En el caso Otinapa, alguien miente

Las partes en conflicto (ejidatarios y gobierno) se acusan de manipular el precio real de las hectáreas en litigio


Tensas las negociaciones entre Gobierno y ejidatarios de Otinapa

Mientras que los ejidatarios aseguran que el Gobierno del Estado amedrentó al perito a través de la Secretaría General, las autoridades sospechan que el encargado de la valuación está coludido con los de Otinapa para sobrevalorar sus terrenos.

Los ejidatarios aspiran a recibir 300 mil pesos por hectárea, mientras que la autoridad afirma y dice tener pruebas de que el valor de la tierra en esa zona no debe ser mayor a los 70 mil pesos por hectárea.


Texto: Daniel Ortiz

La situación se ha tornado tensa en torno al tema de indemnización al ejido de Otinapa, por las tierras que les fueron quitadas para la construcción de la Supercarretera Durango-Mazatlán. Ellos acusan al Gobierno del Estado de querer pagarles una cantidad injusta, mientras que la autoridad considera que se quieren “despachar con la cuchara grande”.

Las acusaciones y señalamientos han subido de tono en los últimos días, pues además de exigir la destitución o renuncia de Adrián Alanís Quiñones, secretario General de Gobierno, a quien acusan de intentar amañar los resultados del peritaje recientemente realizado en la zona en cuestión, también advierten de amenazas y presiones en contra de quien estuvo encargado de la valuación.

Por su parte, José Luis López Ibáñez, subsecretario General de Gobierno, adelanta que el Estado impugnará el resultado del peritaje, el cual considera fuera de toda razón, además de admitir sospechas sobre la posible colusión del perito con los ejidatarios.

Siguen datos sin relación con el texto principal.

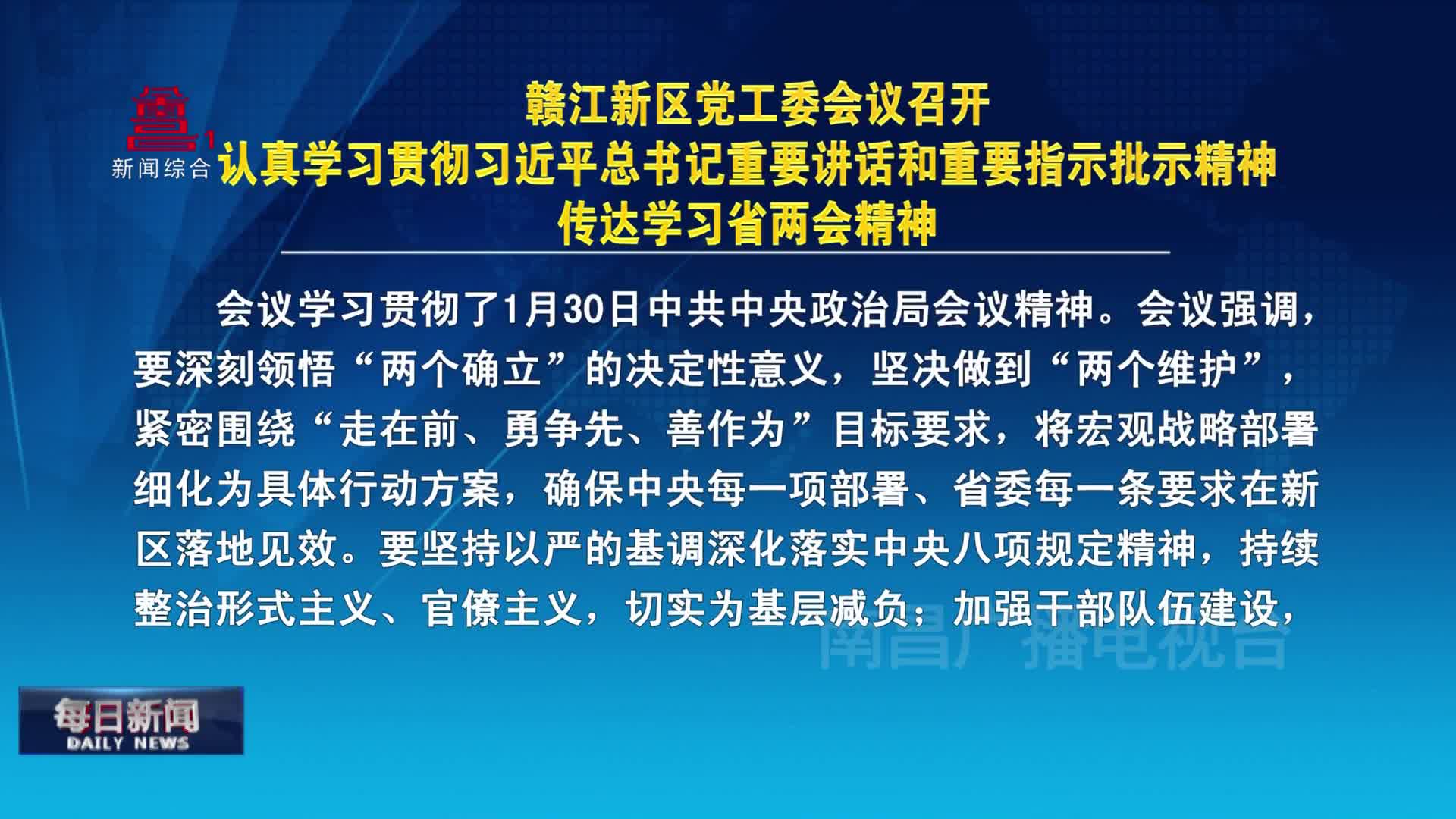 赣江新区党工委会议召开 认真学习贯彻习近平总书记重要讲话和重要指示批示精神2026-1-16
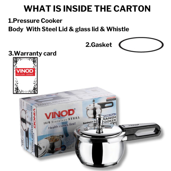 Vinod Splendid Plus Stainless Steel Pressure Cooker Outer Lid 1.5 Litre | SAS Bottom Handi Cooker | Extra Glass Lid | Induction and Gas Base | ISI and CE certified | 2 Years Warranty
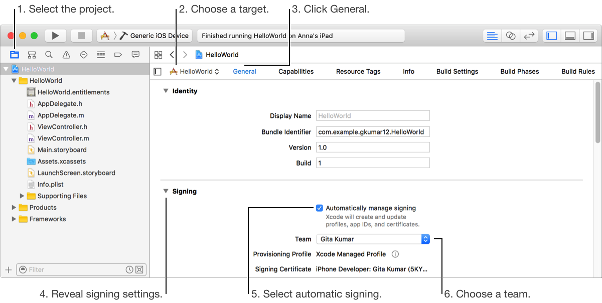 In order to code sign your app, each target in your Xcode project must be assigned to the same team. If you enroll as an individual, you’re considered a one-person team. If you are not a member of the Apple Developer Program, Xcode will create a personal team for you.
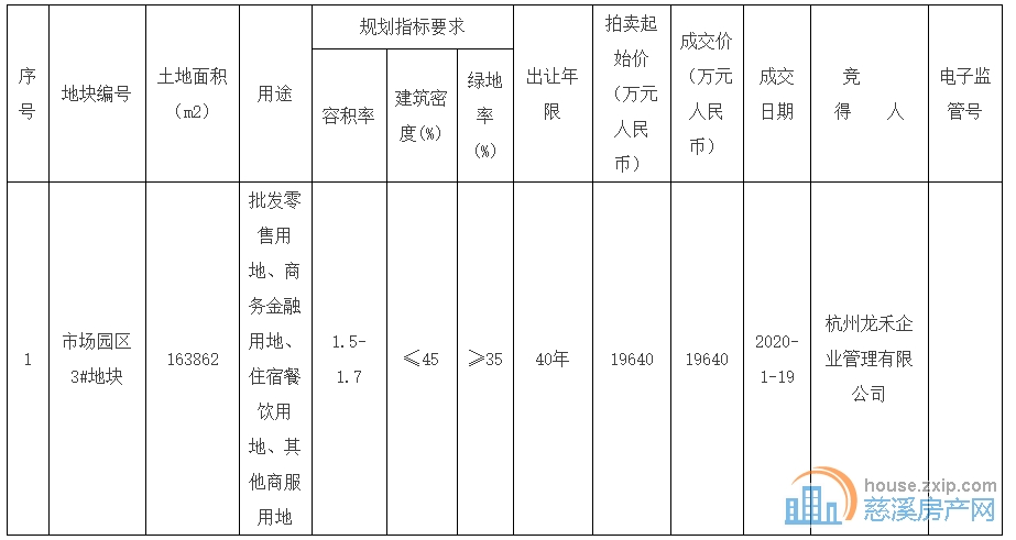 慈溪市自然资源和规划局于2020年1月17日对以下一宗国有建设用地使用权通过浙江省土地使用权网上交易系统进行拍卖出让。现将出让结果公布如下:
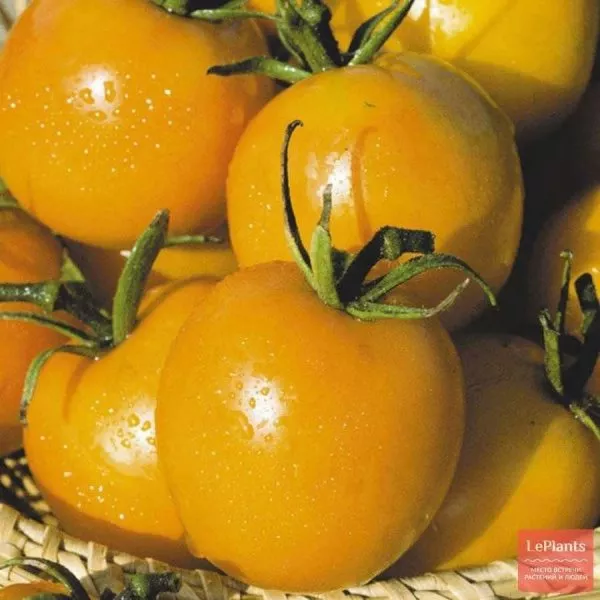 В технической спелости плоды светло-зеленые, без темного пятна у плодоножки, что является сортовым признаком. Полностью созревший томат приобретает насыщенный солнечно-желтый, почти янтарный цвет.
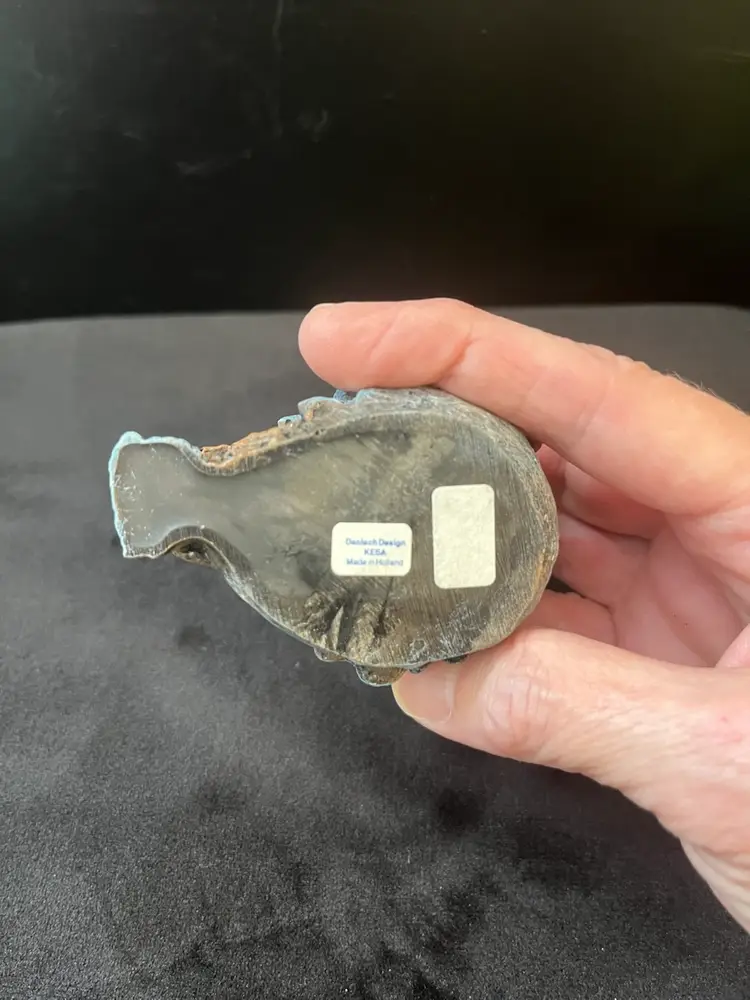 He looks like he is bracing in the wind! This is made of a really dense and heavy resin. His colors and texture is fantastic. It is in great condition. He measures approx 1.75"H, 3"long, 2" deep, 4 Oz
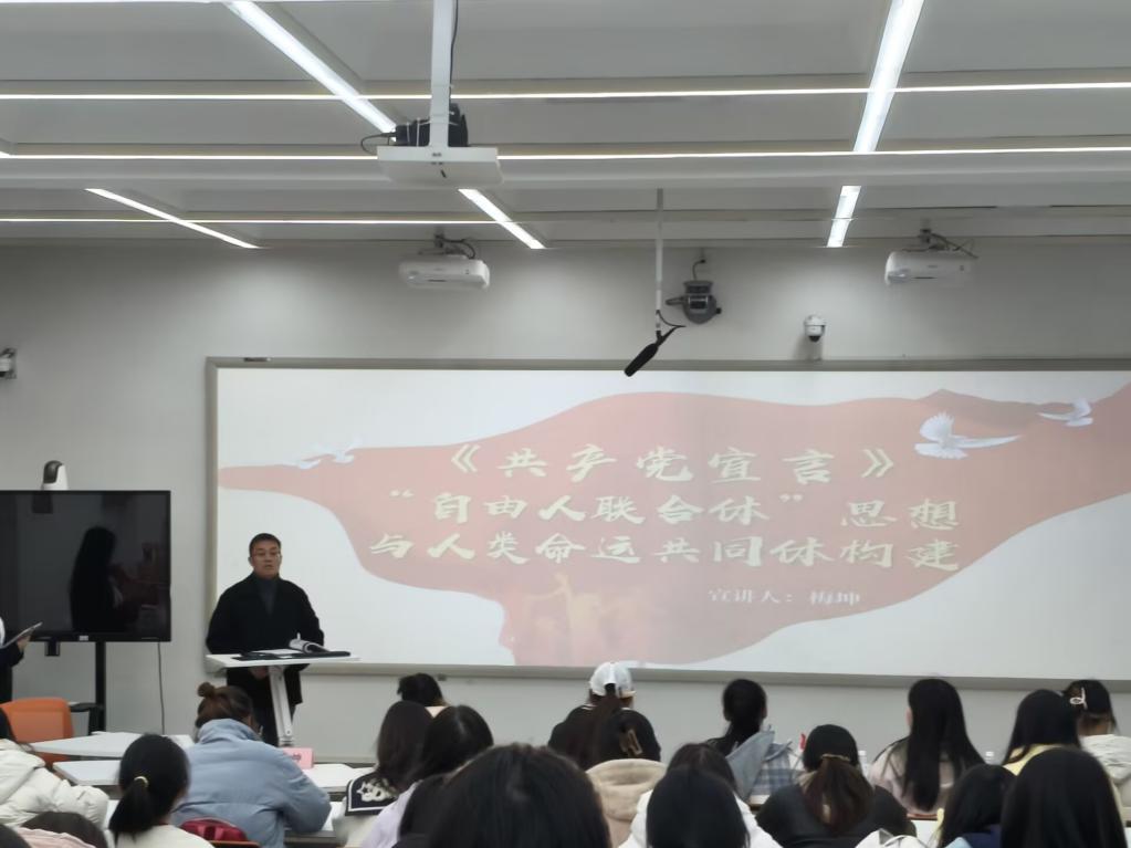 11月19日,院党委副书记梅坤老师在J02A108带领团干研读《共产党宣言》,结合时代背景深化理论认知、拓宽国际视野,让理论学习更具温度;通过互动交流检验学习实效,勉励团干将理论知识转化为工作动力,切实做到“知行合一”,强化政治素养与责任担当。
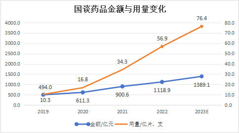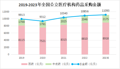 数据来源说明:全国医疗保障事业发展统计公报(2019-2022),IMS全国百张床位以上医院药品数据库(约占全国市场的65%)、彭博Bloomberg、万得Wind、知名证券公司行业研究分析报告。2023年数据为预测值,用前三个季度的数据乘以4/3得到。
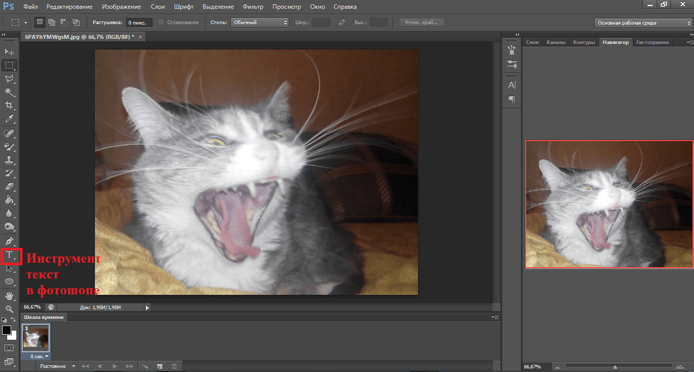 Теперь можно приступать к созданию шедевра. Выделяем произвольную область, выбираем цвет шрифта и наносим на картинку текст. Сохраняем мем и наслаждаемся творением.
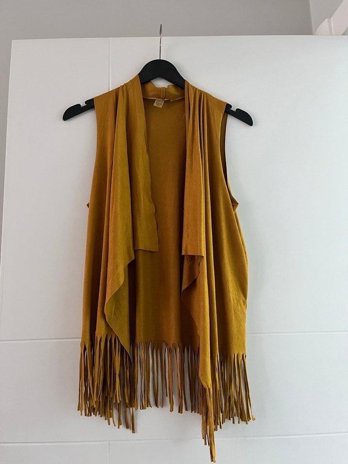 Hardal süet, kolsuz, drapeli ve püsküllü bohem yelek. Salaş kesim ve straplez yakaya sahip, tie-dye desenli rahat bir parça.
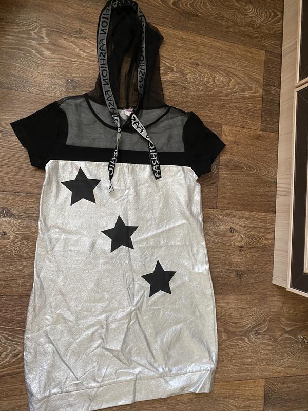 Платье с серебряным покрытием, есть капюшон В отличном состоянии 9-10 лет Рост 134
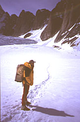 The next morning brought frenzy, Lynn's bush plane was due to arrive, and once there, he was not eager to stay. Excitedly, we packed Lynn into the plane, hoping to hitch a ride over to Middle Triples East Buttress, but were informed that no landing was available on that side. Rats! Dejected as we gazed up to the col, it glowered from its aspect three thousand feet above. Dividing loads between pack and sled, we bolstered dwindling psyches and tramped towards our obscured goal. We were not quite traveling light for a sub 24 hour ascent. The col was guarded by yawning crevasses and very steep snow. Gravity favored the sleds weight over our forward motion.
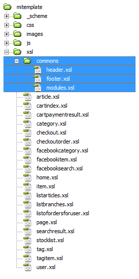 En este ejemplo, los tres archivos a ser incluídos están ubicados en una carpeta llamada commons creada dentro de la carpeta xsl del template.
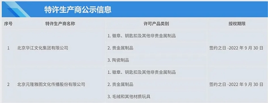 记者通过查询官方特许生产商公示信息发现,元隆雅图是仅有的三家许可产品类别中,包括毛绒玩具的企业之一,也是唯一的一家上市公司。
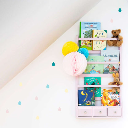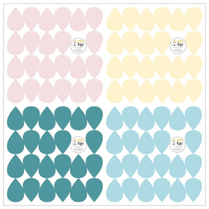 En los mini sets combinamos los colores que creemos que son los más adecuados para los interiores de los niños. Hemos preparado 92 pegatinas con forma de gota en 4 colores: rosa claro, vainilla, menta y azul. Cada color está en una hoja independiente.
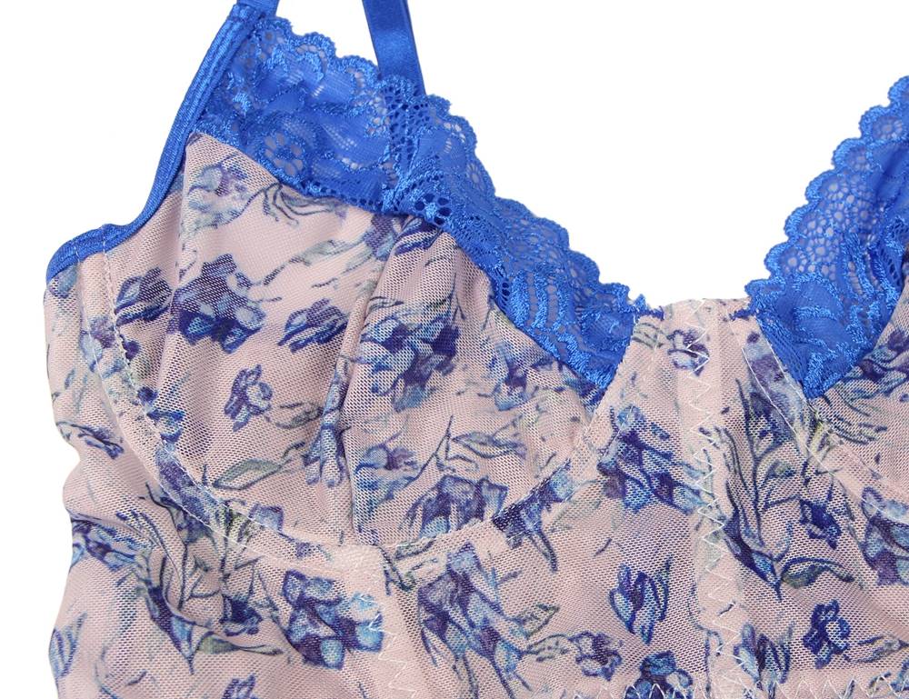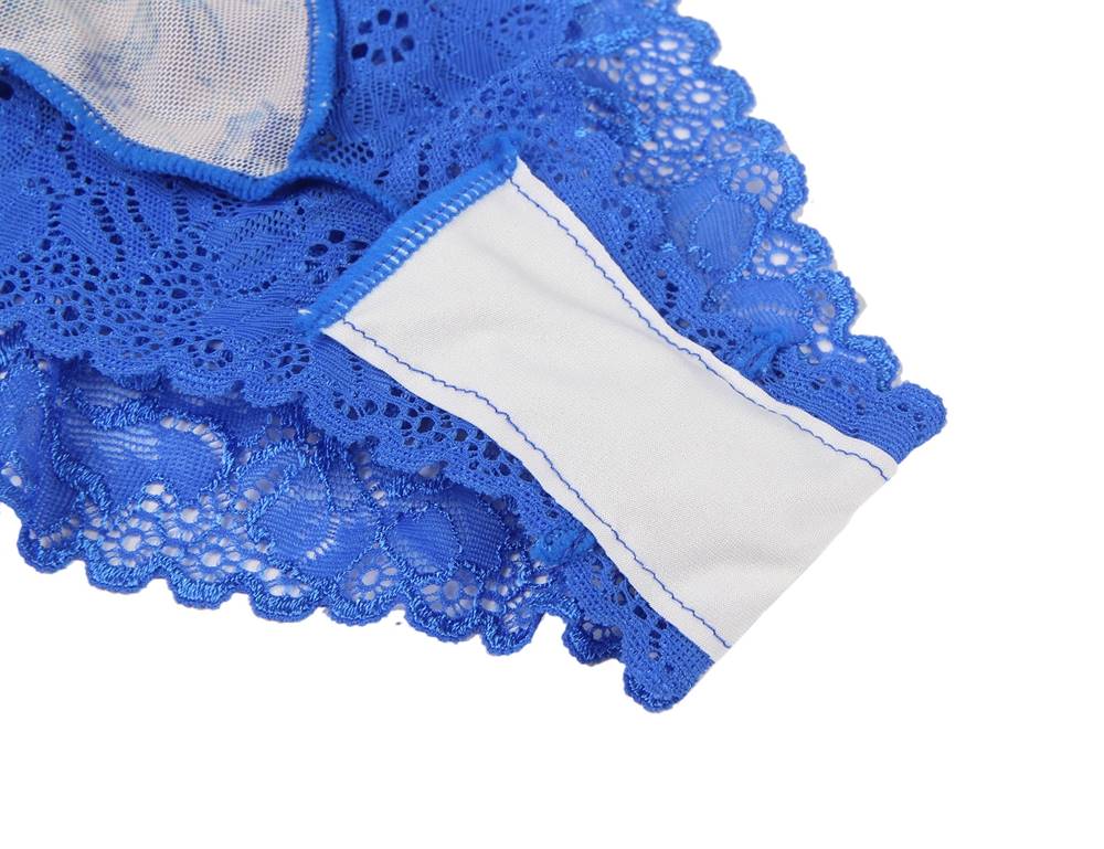 Product Name Blue Lace floral stitching Cross Straps Bra Set With Underwire

“Están valuando los terrenos como si se tratara de una superficie similar a la de ejidos como La Victoria, El Brillante y El Salto, primeros lugares a nivel nacional en aprovechamiento forestal, cuando según la Semarnat, Otinapa es agostadero de mediana calidad”, señaló el funcionario estatal .

Exigen que se vaya Alanís

Los ejidatarios acusan que es el Gobierno del Estado quien ha amañado el peritaje realizado en torno a las tierras de Otinapa, pues quieren pagarles una cifra mucho menor al valor real, algo que no van a permitir.

Ante tal situación, Raúl Sarmiento, comisariado ejidal de Otinapa, acusó directamente a Adrián Alanís Quiñones, secretario General de Gobierno, de intervenir para alterar el precio real de las tierras, por lo que ahora exigen su inmediata destitución.

Acusó que cuando el perito valuador José Luis Campos Cháirez, determinó que el valor a pagar por las 50 hectáreas del ejido Otinapa utilizadas para la Supercarretera era de 18.5 millones de pesos, Francisco Rodríguez Esparza, subsecretario de Desarrollo Político y Fortalecimiento Municipal, se movilizó para impedir que el dictamen fuese entregado al Tribunal Agrario.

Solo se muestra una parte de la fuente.